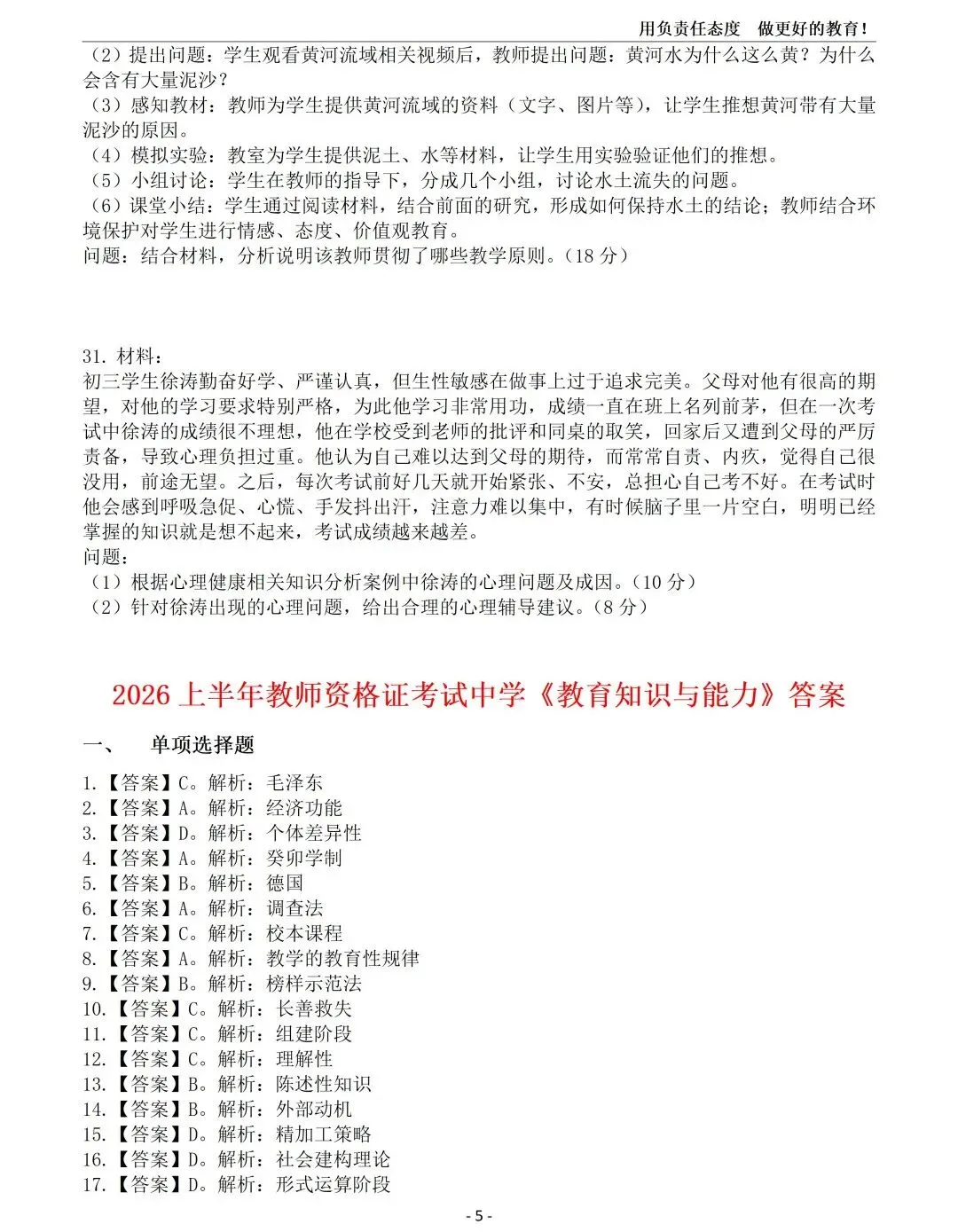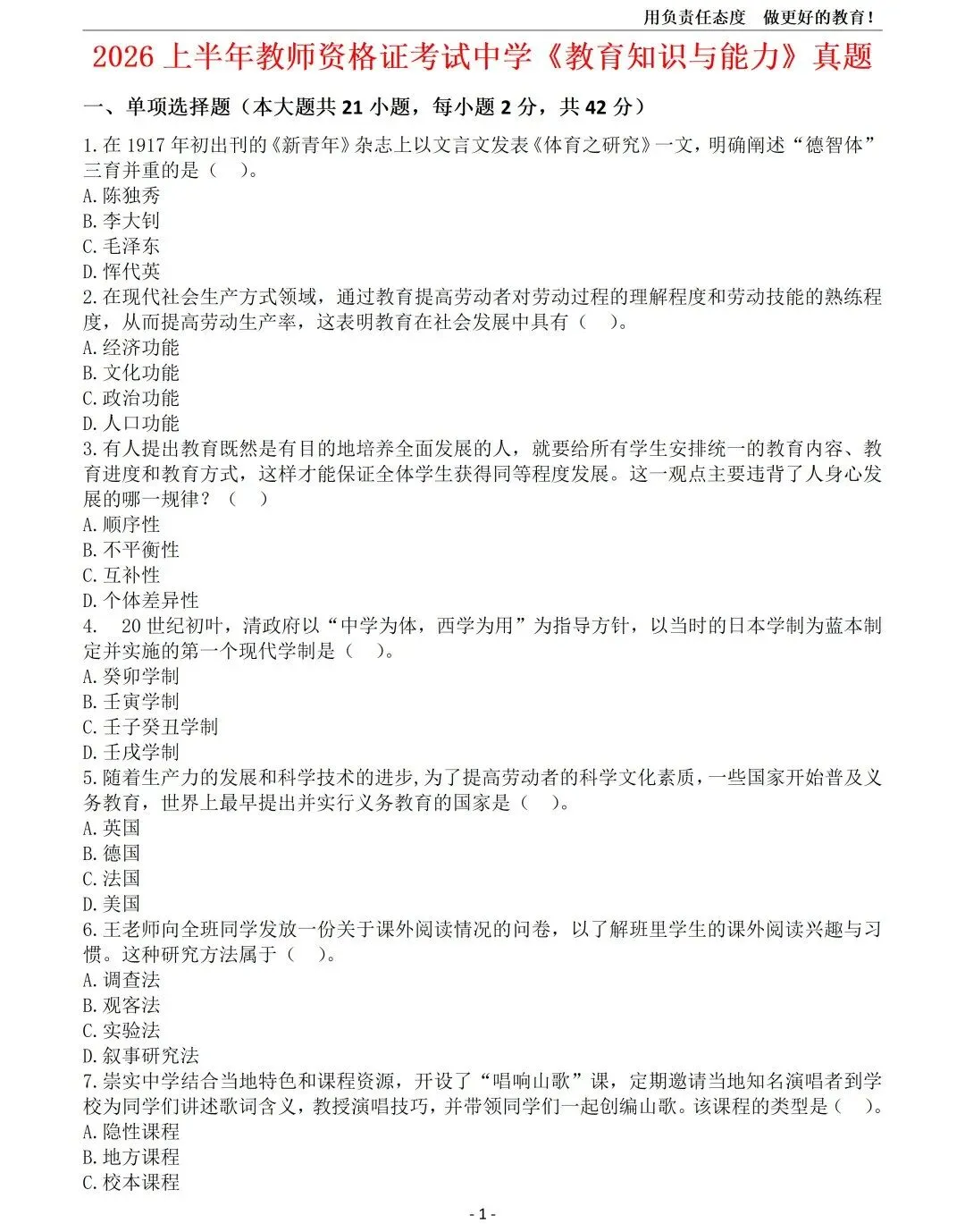 26年上中学《综合素质》真题+答案.docx
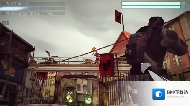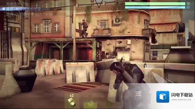 3、进入关卡后左边是移动视角,右边是射击按钮,关卡的目标会在左上角显示。
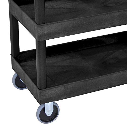 - Includes three 2.5″ deep tub shelves. Ergonomic push handle molded into top shelf. Maximum weight capacity of 500 lbs
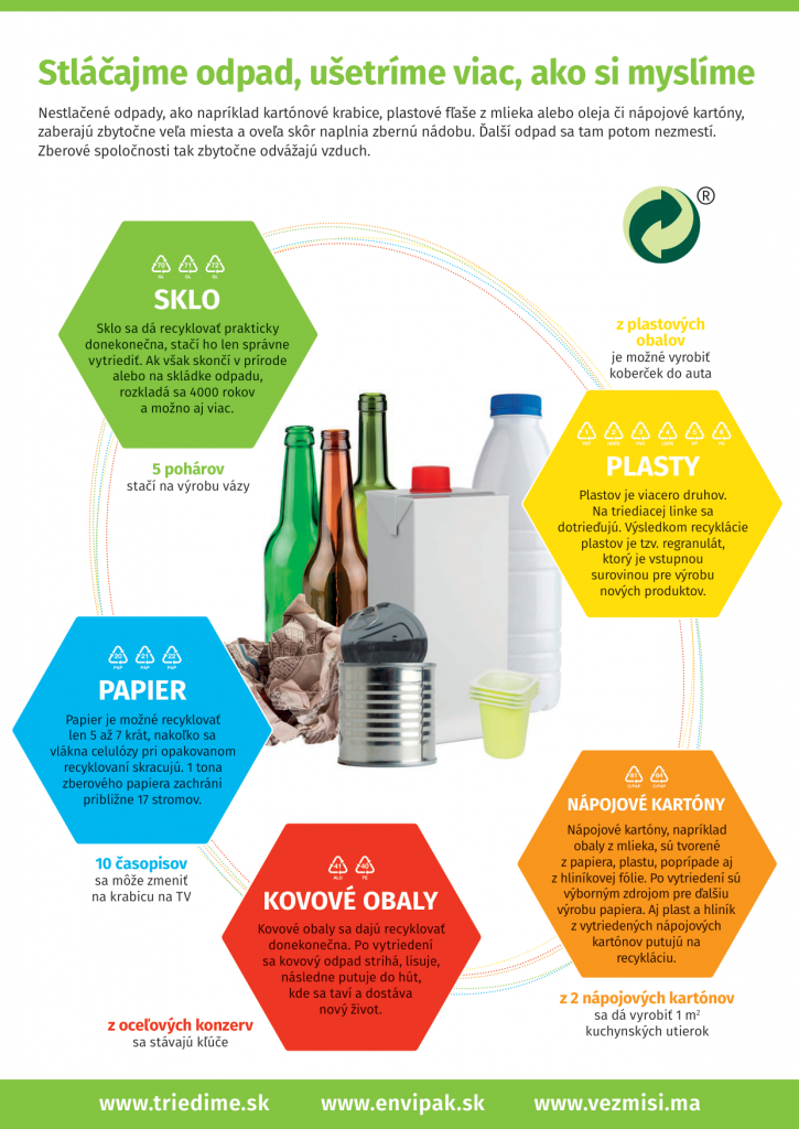 - Dôsledné triedenie odpadu významne redukuje množstvo zmesového komunálneho odpadu, za ktorý platia obyvatelia. Triedený zber je pre obyvateľov zdarma, platia ho výrobcovia prostredníctvom OZV.
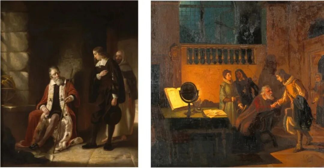 图7(左)卢西《弥尔顿会见伽利略》;图8(右)伽蒂《伽利略接待弥尔顿》
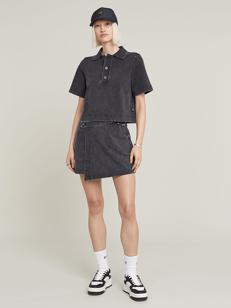 Short sleeved polo sweater Overdyed is designed in loose fit and offers a waist length. The broad placket is finished with a shank button closure.
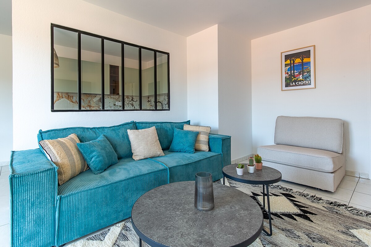 Élvezd ezt a lakást, ahonnan lenyűgöző kilátás nyílik az öbölre, amelyet a „világ legszebb öbölének” szavaztak. A Fontsainte szomszédságában található szálláshely 100 méterre található a tengertől és a Corniche Arène Cros-tól. Ezt az otthont úgy alakítottuk ki, hogy minden helyiségből élvezhesd a kilátást, beleértve a zuhanyzót is (a kényelmed érdekében redőnyt biztosítunk). Akár pihenni szeretnél, és megcsodálni a tengert, akár a La Ciotat báját szeretnéd felfedezni, ez a stúdió tökéletes hely egy emlékezetes tartózkodáshoz.
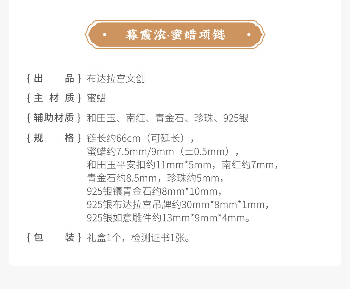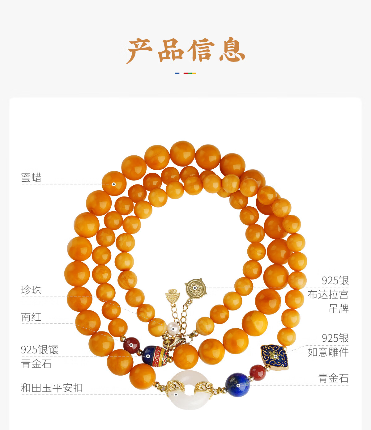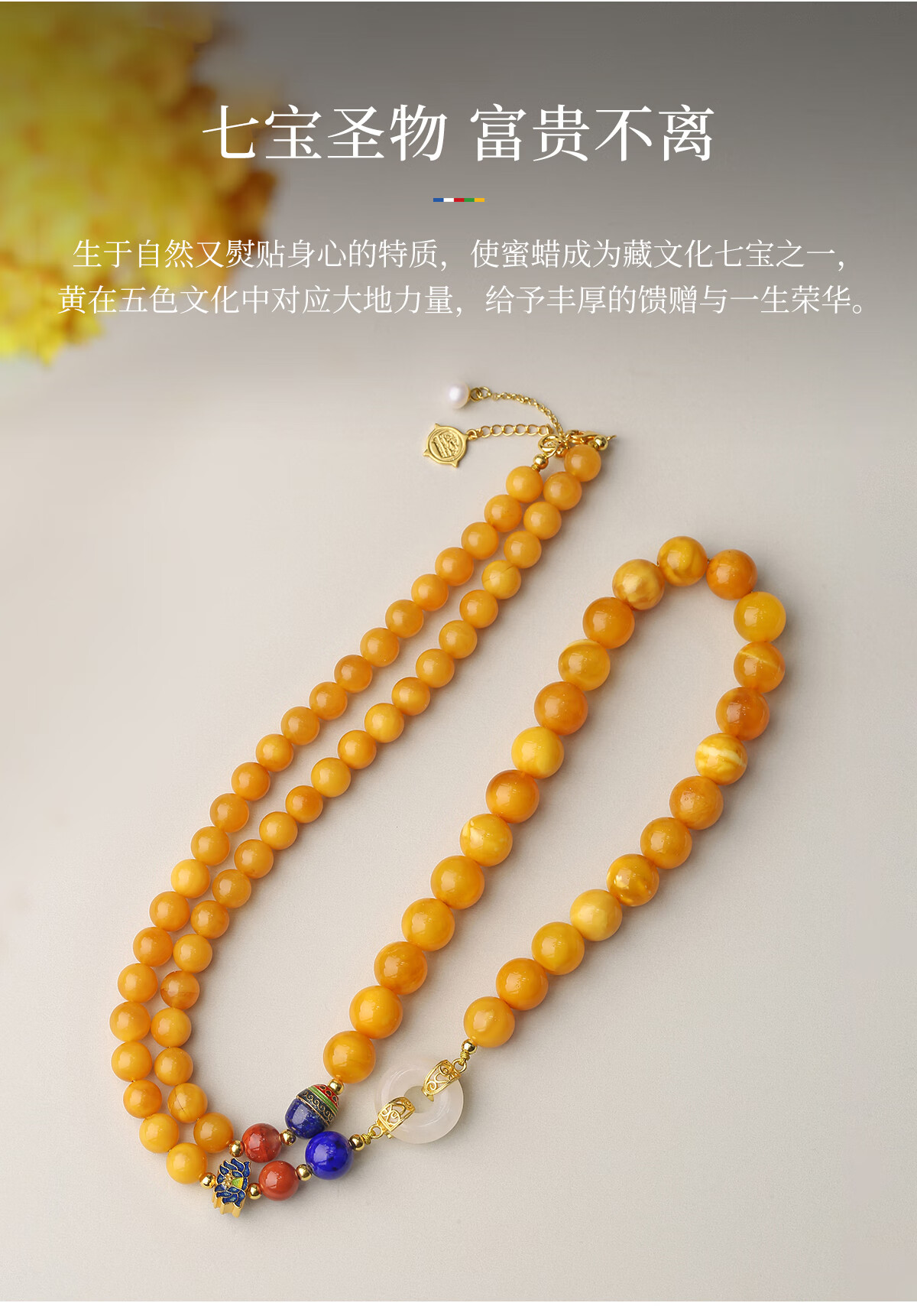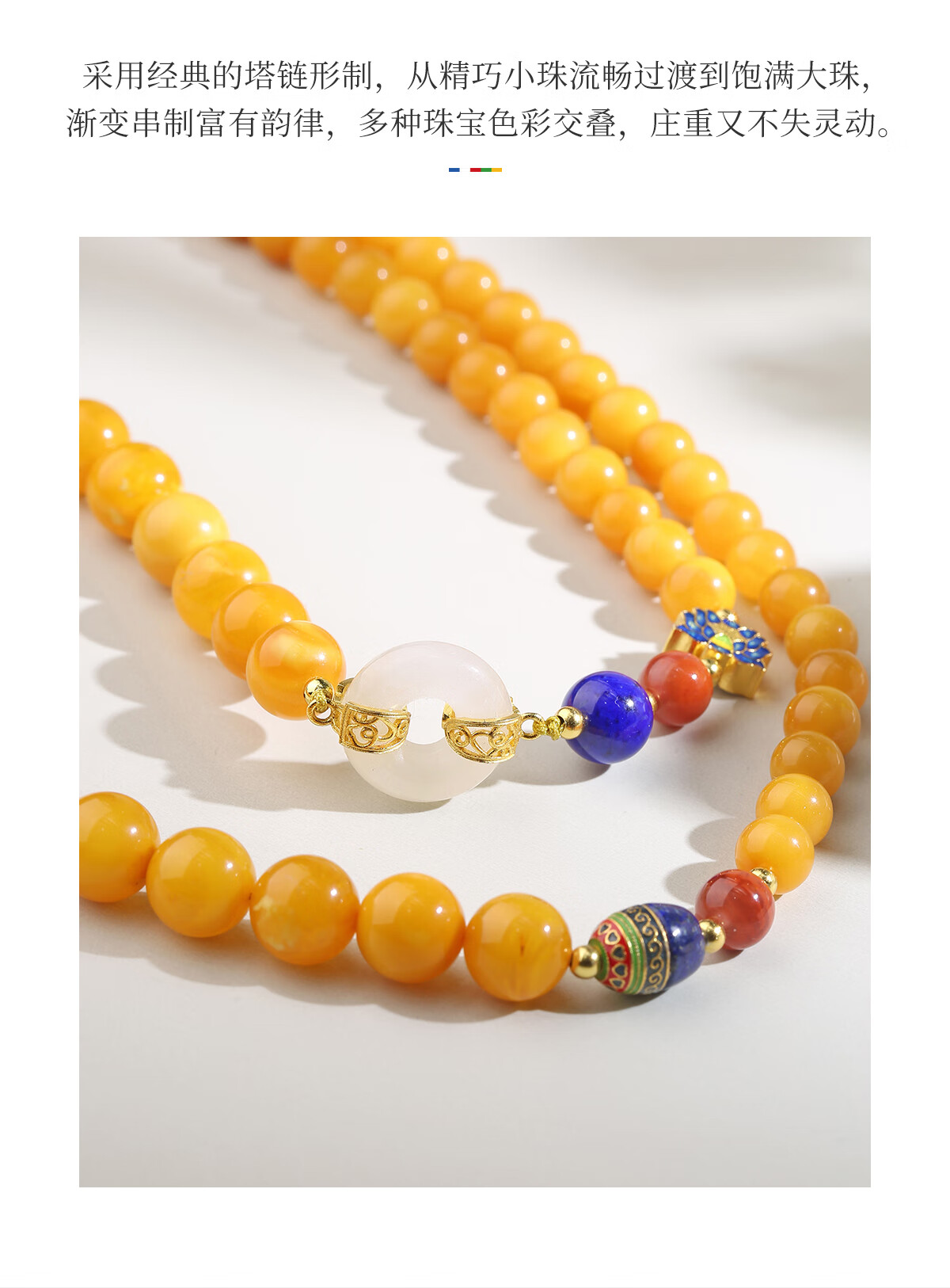 Potala Palace Beeswax Necklace, Hetian Jade Peace Buckle, Lapis Lazuli, Heather Beads, Birthday Gifts for Men and Women, Mu Xia Nong Beeswax Necklace

-*-

▸ **WHAT THE TASK REQUIRES**:
Copy the listing above exactly, but only from the line with "3、进入关卡后左边是移动视角,右边是射击按钮,关卡的目标会在左上角显示。" through the line with "- Includes three", including those two lines and excluding any picture.

▸ **RESPONSE TO THE TASK**:
 3、进入关卡后左边是移动视角,右边是射击按钮,关卡的目标会在左上角显示。
 - Includes three 2.5″ deep tub shelves. Ergonomic push handle molded into top shelf. Maximum weight capacity of 500 lbs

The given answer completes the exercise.